Availability and implementation
mLiftOver is implemented R and available in the Bioconductor package SeSAMe (version 1.21.13+): https://bioconductor.org/packages/release/bioc/html/sesame.html. Analysis of EPIC and EPICv2 platform-specific bias and high-confidence mapping is available at https://github.com/zhou-lab/InfiniumAnnotationV1/raw/main/Anno/EPICv2/EPICv2ToEPIC_conversion.tsv.gz. The source code is available at https://github.com/zwdzwd/sesame/blob/devel/R/mLiftOver.R under the MIT license.
1 Introduction
The Infinium DNA methylation BeadChips (Illumina Inc., San Diego, CA, United States) (Bibikova et al. 2006) are widely used assay technologies for population-scale DNA methylation profiling, including meQTL studies (Min et al. 2021, Hawe et al. 2022), epigenetic risk scoring (Aref-Eshghi et al. 2020, Thompson et al. 2022), and epigenome-wide association studies (EWAS) (Li et al. 2019, Battram et al. 2022). Extensively employed in consortia projects, such as The Cancer Genome Atlas (TCGA), over 80 000 HumanMethylation450 (HM450) samples (Maden et al. 2021) and a comparable number of EPIC array methylation profiles have accumulated in the Gene Expression Omnibus (GEO). Compared to sequencing-based methods, Infinium arrays offer cost-effectiveness, high quantitative resolution (Zhou et al. 2019b), ease of use, and the ability to accommodate a wide range of DNA inputs (Lee et al. 2024). Their high throughput capabilities have accelerated clinical applications in areas such as cancer diagnosis (Capper et al. 2018), liquid biopsies (Li et al. 2022), and forensic science (Mannens et al. 2022).
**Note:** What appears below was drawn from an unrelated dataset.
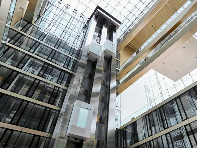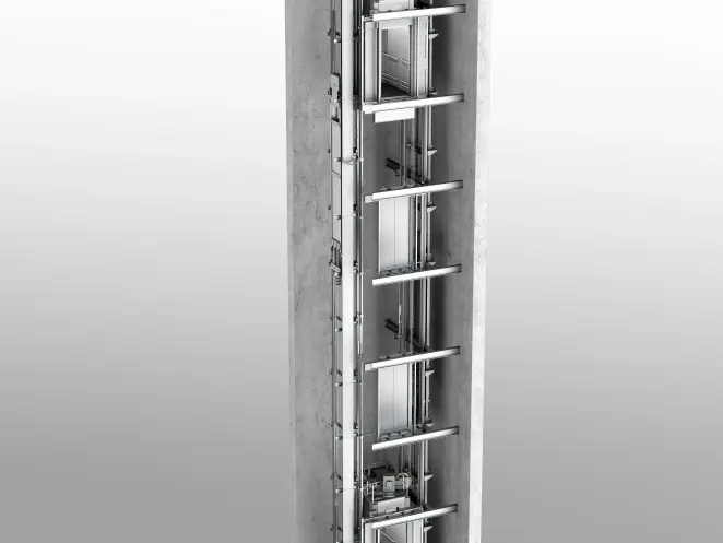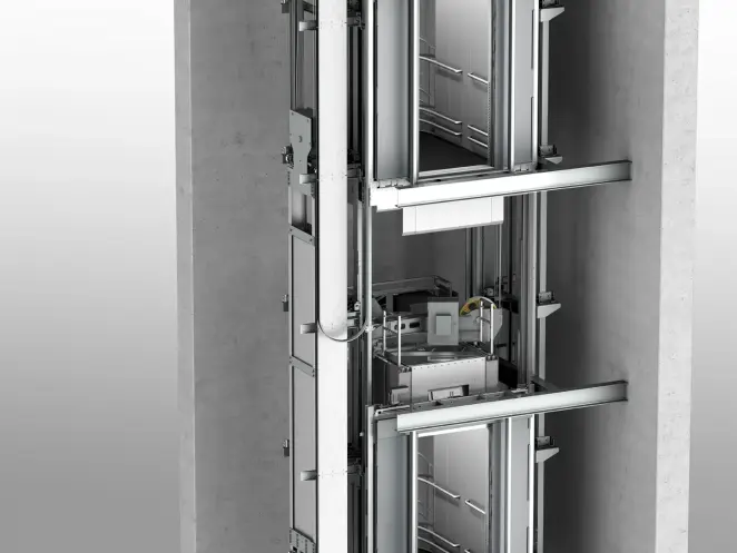 Two elevator cars share the same hoistway, landing doors and guide rails, saving substantial money in construction labour and materials as well as maintenance.
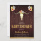 Éblouissez vos invités avec cette invitation de baby shower à thème tribal avec un crâne de vache fleuri contre un arrière - plan de grange rustique. Ajoutez simplement les détails de votre événement sur ce modèle facile à utiliser pour en faire une invitation unique. Retournez la carte pour révéler une fausse texture de parties scintillant d'or au dos de la carte.

More recently, this technology has supported the creation of an extensive pan-mammalian DNA methylome atlas (Arneson et al. 2022, Ding et al. 2023, Haghani et al. 2023).
The arrays’ probe naming system (i.e. “cg” number), beginning with the Infinium HumanMethylation27 BeadChip (HM27), has been a cornerstone for cross-referencing probes with unique CpG sites within the genome. Each cg number corresponds to a unique 122-mer sequence centered on the target cytosine-guanine dinucleotide (CpG site), with array probes designed against these sequences. Originally, the Infinium arrays featured a one-to-one design—one probe set per 122-mer sequence—enabling a mapping to the human genome and facilitating cross-referencing 122-mer IDs, or cg numbers, with genomic CpG locations. While both the 122-mer and probe sequences are susceptible to nonunique mapping, this referencing method is common in EWAS literature (Xiong et al. 2020, Min et al. 2021, Battram et al. 2022, Hawe et al. 2022) and has provided a convenient albeit imperfect system (e.g. from HM27, HM450 to EPIC, cg number-based probes can be directly compared) for indexing probe sequences or CpG sites within a genome assembly.
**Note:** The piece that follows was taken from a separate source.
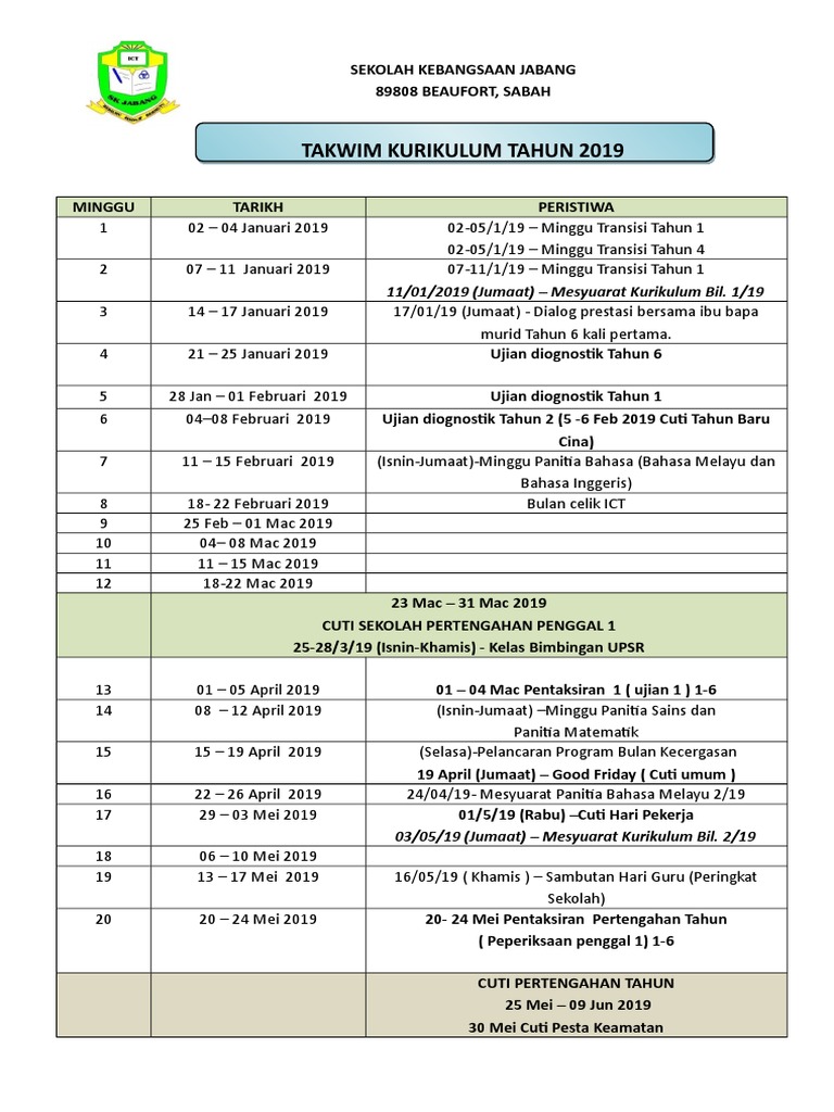 Takwim Kurikulum Tahun 2019 11 01 2019 Jumaat Mesyuarat Kurikulum Bil 1 19

The main limitation of the original cg number system arises from its non-specificity—a single cg number could correspond to multiple probe designs targeting the same 122-mer sequence. Additionally, this framework did not allow the inclusion of multiple replicate probes (Bibikova et al. 2009), which would enhance the robustness of measurements. With the advent of newer Infinium array generations, like the EPIC version 2 (EPICv2) (Kaur et al. 2023, Noguera-Castells et al. 2023) and other non-human arrays (Arneson et al. 2022, Zhou et al. 2022), a more precise naming system was introduced. This new system retains the cg number as a prefix but adds additional information to distinguish between probes, accounting for Infinium chemistry, strand orientation, and replicate indices (Zhou et al. 2022). However, while methodologically sound, introducing additional probe details can impede the integration of newly generated methylation data with legacy datasets using the antiquated probe naming system.
Moreover, the static probe content selection in Infinium technology reflects the evolving understanding of methylation biology (Zhou et al. 2017). Each array generation—HM27, HM450, EPIC, and EPICv2—has refined probe content to represent better emerging biological insights, like gene body methylation (Yang et al. 2014) and cis-regulatory element methylation (Neiman et al. 2017). However, integrating legacy data generated on older platforms may introduce missing probes, which remains technically challenging, especially for applications like computing epigenetic clocks (Horvath 2013) and cancer classification models (Capper et al. 2018), which require specific CpGs in a model. Although data imputation strategies can help fill missing values within samples, many methods, such as matrix factorization (Mazumder et al. 2010), cannot accommodate the complete missingness of a specific probe in the query dataset. How to continue leveraging the legacy data and predictive models on the ever-evolving Infinium platforms has become a pressing technical need.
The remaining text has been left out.